Als lager geschoolden kijken naar de economie, dan weten zij dat ze horen bij de
lager betaalden. Ze zijn daarom kritischer, voelen zich benadeeld.
Man-vrouw verdeling in het gezin is traditioneler.
Media gebruik situeert zich in de volkse media zoals bv. Youtube, Facebook,
Instagram. Laten zich veel meer beïnvloeden door deze platformen.
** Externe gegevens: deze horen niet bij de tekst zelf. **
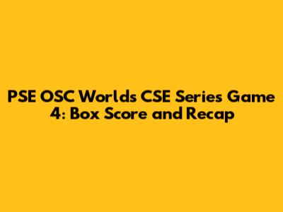 Hey guys! Today, we're diving deep into the thrilling Game 4 of the PSE OSC Worlds CSE Series. Whether you're a die-hard fan or just tuning in, we've got all the details you need right here. Let's break down the box score, analyze key plays, and discuss the overall implications of this exciting matchup. We'll cover player performances, strategic decisions, and the pivotal moments that shaped the outcome. So, grab your snacks, settle in, and get ready for a comprehensive recap of Game 4!
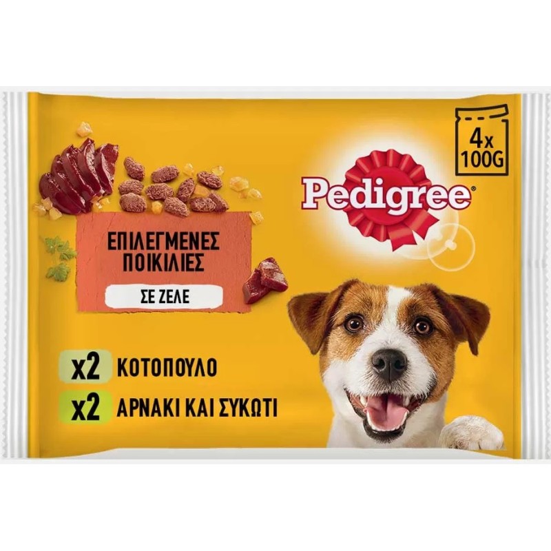 Πλήρης υγρή τροφή για ενήλικους σκύλους. Τέσσερα φακελάκια με κοτόπουλο και αρνί. Σε ζελέ.
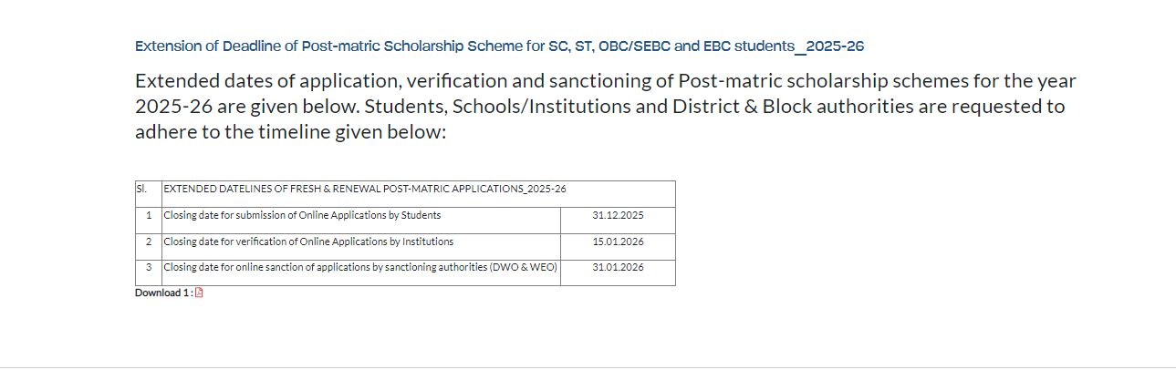 POST MATRIC SCHOLARSHIP (11/12/2025) +3 results declared (22/12/2024)
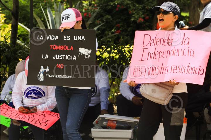 OAXACA, OAXACA, 23AGOSTO2024.- A cinco días de haber iniciado sus acciones de protesta y a 3 días de haber formalizado su paro de labores, trabajadores del Poder Judicial de la Federación en Oaxaca, permanecen al exterior de las sedes de la dependencia y con pancartas buscan comunicar el motivo de su protesta y el apoyo de la sociedad. FOTO: CAROLINA JIMÉNEZ/CUARTOSCURO.COM
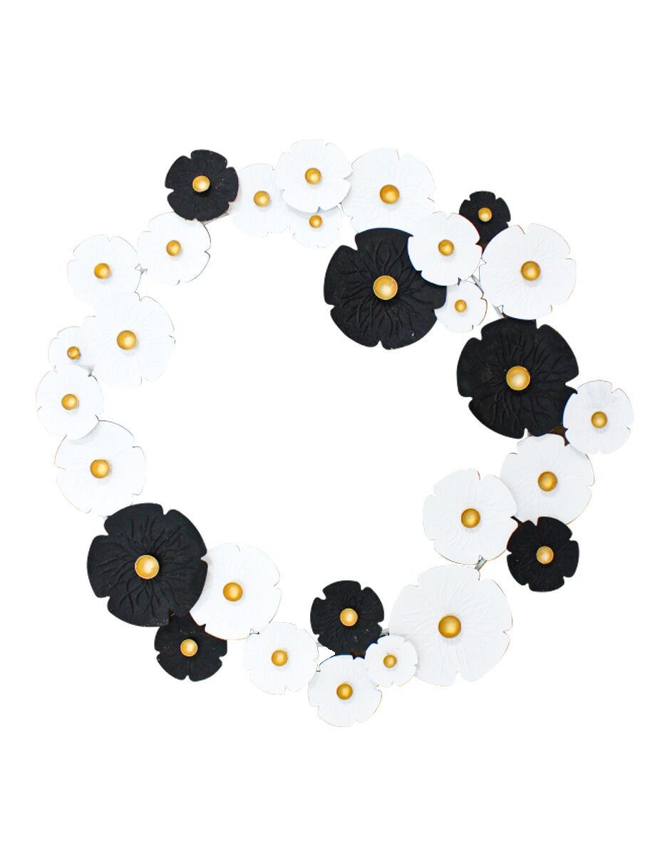 Una audaz corona metálica con un diseño de flores en tonos negro y blanco. Esta pieza es perfecta para quienes buscan un elemento decorativo que combine un estilo rústico y moderno, evocando la belleza de la naturaleza. Material: metal. Medidas: 87.5 x 4.5 x 88cm.
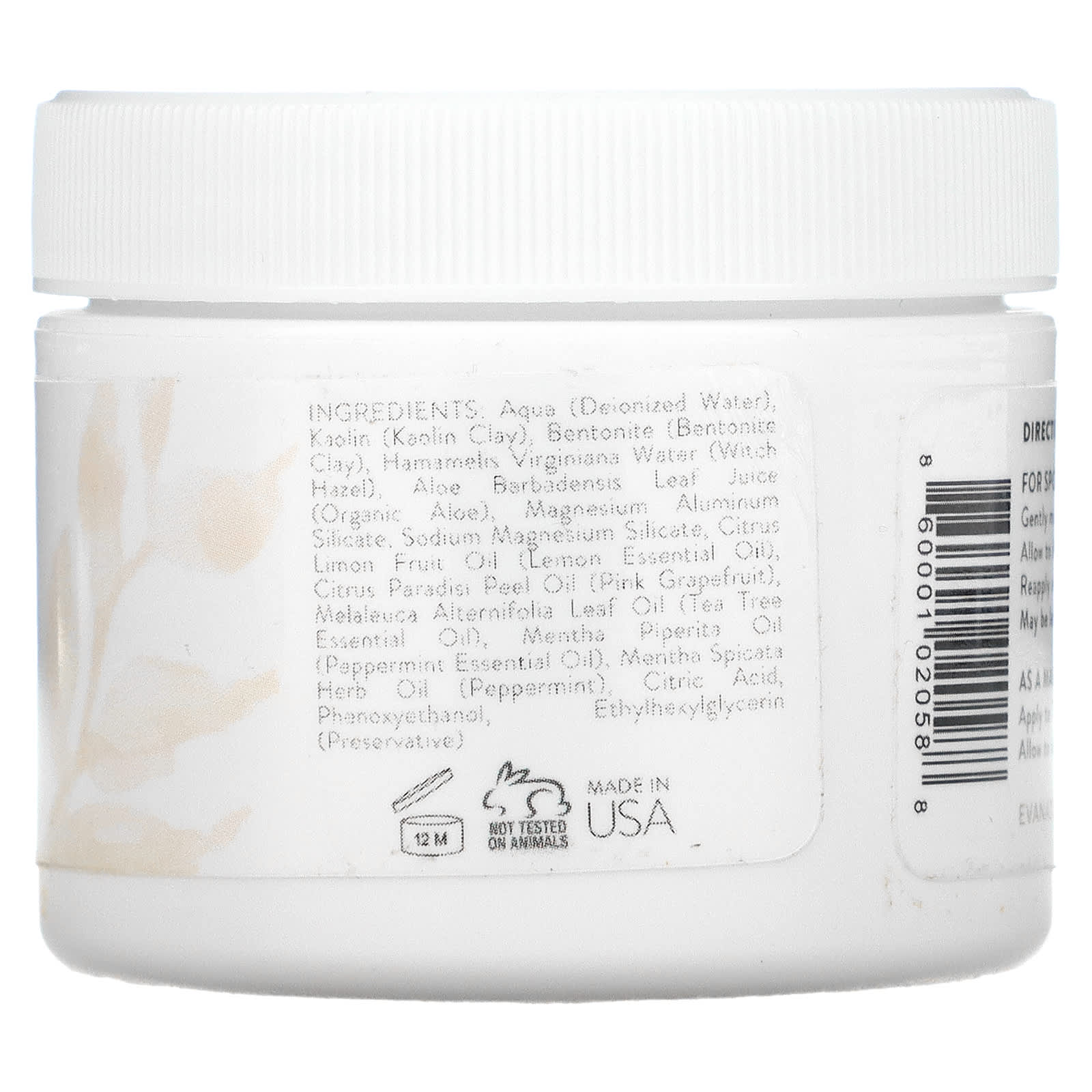 Аква (деионизированная вода), каолин (каолиновая глина), бентонит (бентонитовая глина), вода гамамелиса (Hamamelis virginiana), сок листьев алоэ вера (Aloe barbadensis), силикат магния и алюминия, силикат натрия и магния, масло плодов лимона (Citrus limon), масло из цедры Citrus paradisi (розовый грейпфрут), масло листьев чайного дерева (Melaleuca alternifolia), масло перечной мяты (Mentha piperita), масло травы перечной мяты (Mentha spicata), лимонная кислота, феноксиэтанол, этилгексилглицерин (консервант).
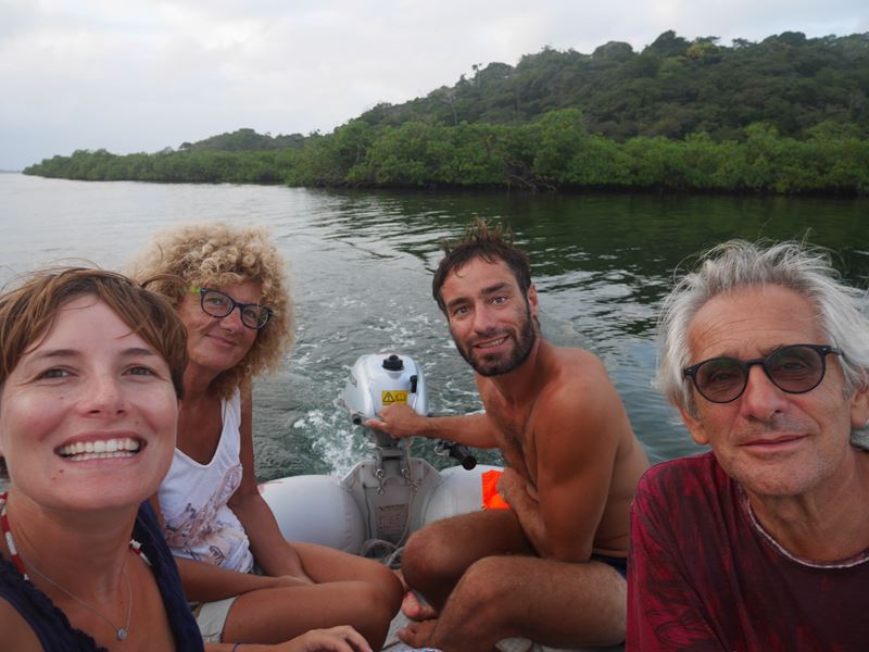 Enfin, c’est vers la fin de ce voyage dans l’archipel, que des Français ici depuis 6 ans nous confirment la présence, et aussi l’attaque de crocodile, il y a un an , dans la plus belle île ou nous mouillons. Je ravale ma salive en pensant aux nombreux bains en eaux troubles avec les petits…
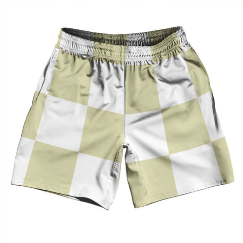 Product Story: Checkerboard 5 Inches Vegas Gold and White Athletic Running Fitness Exercise Shorts 7" Inseam Shorts Made In USAProduct Description: Checkerboard 5 Inches Vegas Gold and White Athletic Running Fitness Exercise Shorts 7" Inseam Shorts Made In USA Forever Color Sharpness Men's Gym Shorts 7 Inch Inseam Side Pockets Athletic Microfiber Great Sports Shorts Elastic Waist Draw String Durable...

Het is een andere subcultuur, die ze van hun ouders meekrijgen en het is moeilijk
als kind, puber, … om je leefwereld te verbreden als je hele leven in het wereldje van
de laag geschoolden hebt geleeft.
HOGER GESCHOOLDEN
Abstract: ze gaan dingen benoemen, veel taalkennis
Lange termijn denken, investeren in dingen die later vruchten afwerpen bv.
pensioenbesparing.
Oké met de bestaande economie.
Meer open voor de ‘nieuwe man’, niet meer het traditionele m-v- patroon in het
gezin.
Ouders geven deze cultuur, net zoals bij de lager geschoolden, door aan hun
kinderen.
Verschillen tussen lager en hoger geschoolden:
Taal
Lees-, spreek en schrijfvaardigheid
Lezen brengt je onbewust naar een hoger niveau
Attitude en motivatie t.a.v. studeren en werken
De beste studenten zijn doorgaan kinderen van leraren: komen thuis en zien
moeder/vader nog werken voor school. Zij zien dat het normaal is dat er na
school nog gewerkt moet worden voor school.
Interesse
Sociale contacten
……
Door differentiële socialisatie (verschillende socialisatie) krijg je reproductie van de
klasseverschillen.
WANT kinderen/jongeren uit andere sociale klassen beginnen het leven met ander
economisch, cultureel en sociaal kapitaal.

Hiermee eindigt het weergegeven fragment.